Kathy Rosenthal, coordinator of community and family services for FEGS, said the organization would like to expand beyond the issue of cancer to develop a women’s health initiative.
“We want to extend it to menopause, domestic violence, eating disorders, PMS, nutrition and insurance problems,” she said. “And we want to attract both the affiliated and the unaffiliated. The purpose is to make women empowered to take charge of their health.”
When someone pointed out that similar programs abound on Long Island, Lazar said she attended one and felt very uncomfortable.
“The women in the room were saying that their husbands had left them and that people were deserting them,” she recalled. “I said to myself that I didn’t belong there. I am more comfortable sitting here and discussing this in my own synagogue or in another synagogue.”
Another breast cancer survivor, Shelly Feig of Dix Hills, said that once she was diagnosed, she read books and spoke with people and “created my own support group.”

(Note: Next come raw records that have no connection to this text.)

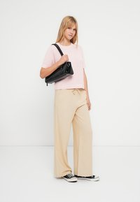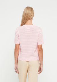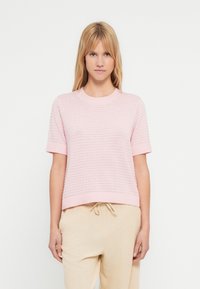 Pull rose clair en tricot avec un motif texturé, col rond et manches courtes, associé à un pantalon beige à taille élastique.
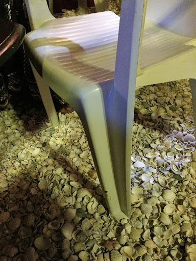 My first meal here was at the local restaurant in my neighborhood; the landlady’s sons walked us their and found owner’s son (who could speak English) to seat us and take our order. A lot of the furniture I have seen, including the kitchen set in my flat, is lawn furniture. The tables were fairly low to the ground, and most people were sitting on lawn chairs in stacks of 2. They did this because aside from the concrete walkway, the entire floor of the restaurant was covered in seashells!
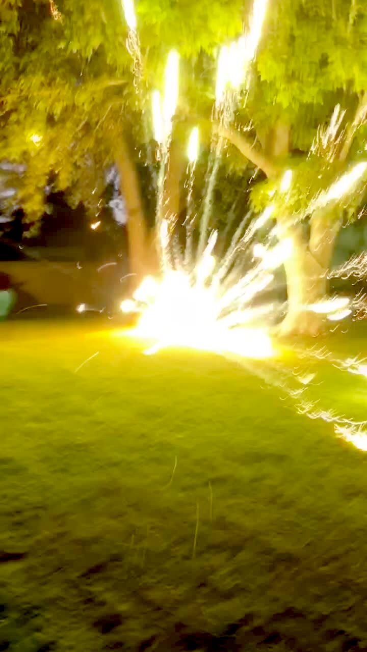 A firework launches in the backyard, but it launches sideways and explodes on the ground. A family of camera screams.

Pat Bloomgarden of Muttowntown said Temple Judea recently ran a series of programs dealing with how to cope with intermarriage, aging parents and the loss of a spouse.
“Three members of the congregation told stories and out of that there was a discussion,” she said. “That may be the way to go about this. … There are women in our temple who are survivors and who could be mentors.”

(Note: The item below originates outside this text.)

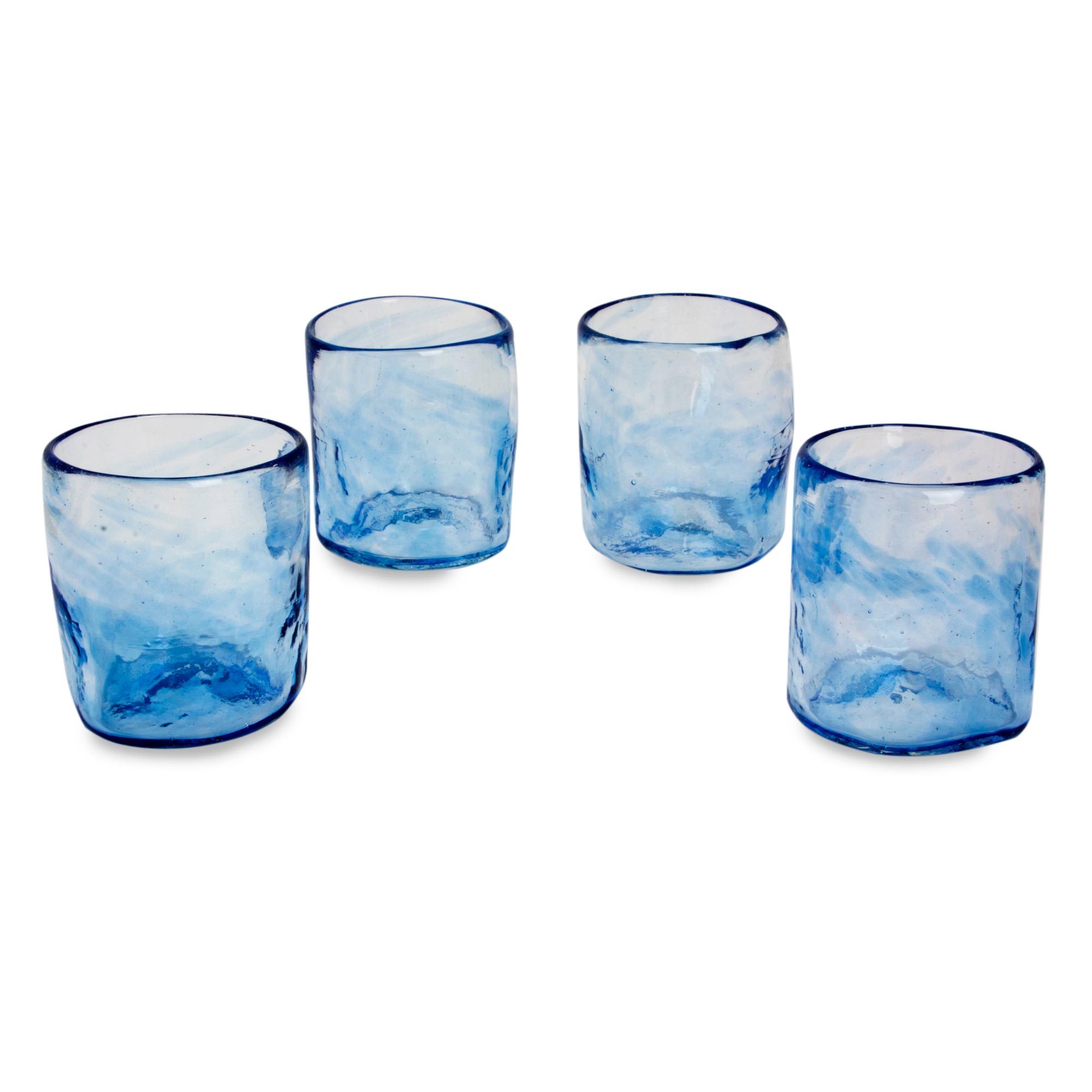 Perfect for your favorite drink, these rocks glasses with an irregular shape are colored by a wispy blue mist. Each glass is crafted with blown glass techniques. "We only use alternative forms of energy - such as used oil from restaurant kitchens - to fire up the kiln, and our process is 100% handcrafted. Our designs are inspired by traditional Mexican pieces which we develop with a contemporary accent," Salime Cruces tells us.

Bloomgarden added that at the coping programs, young mothers spoke of the stress from “their job, their family, their children — and that too is a women’s health issue.”
Linda Bergman, the rabbi’s wife, noted that “stress is an issue that cuts across all ages.”
Feig, who also works for FEGS, said she had meetings set up with 15 synagogues on Long Island in the coming weeks to discuss how they wished to approach this subject.
Evelyn Roth, executive director of FEGS’ Long Island Division, said she hoped the initiative would help create many clusters of synagogues across Long Island that would deal with these issues. “This seems to be an idea whose time has come,” she said.
Roth said the idea for this women’s health initiative grew out of a three-year breast cancer grant FEGS received from UJA-Federation. The funds provided education, outreach and counseling to women at the organization’s five family counseling centers on Long Island. Social workers, psychologists and psychiatrists staff the centers in Syosset, Hempstead, Smithtown, Central Islip and Center Moriches.Although the funding for that initiative ended, Roth said the programs continue with the help of a $20,000 grant this year from New York Race for the Cure.
UJA-Federation also provided $120,000 in grants over four years to a cancer support group in New York, the SHARE Project. Although that funding ended last year, its director of programs, Susan Rosenthal, said the programming was continuing at the Samuel Field Y in Little Neck, the Kings Bay Y in Brooklyn and Long Island Jewish Medical Center in New Hyde Park, L.I.
In addition, she said SHARE was continuing to maintain hot-lines to provide women with confidential peer counseling from more than 100 specially trained women volunteers who themselves are survivors of breast or ovarian cancer. (The hot-line for breast cancer is 212 382-2111; for ovarian cancer, 212 719-1204.)
“We also did breast care awareness outreach and encouraged women to do early detection,” said Rosenthal. “It’s surprising how there continues to be a lot of shame associated with this disease. In the more traditional communities, you will find more silence, more of a stigma and shame.
“Older women still … are scared and they struggle with why this happened to them.”
Rosenthal, a survivor of leukemia, said that women after treatment often develop a “new set of feelings. You feel depressed and scared. There was no one around to tell me that 15 years ago.
“Now at the Samuel Field Y, we have a post-treatment group where women can see they are not alone with those feelings. In fact, we have a post-treatment group for women with breast cancer that will be starting there in January.”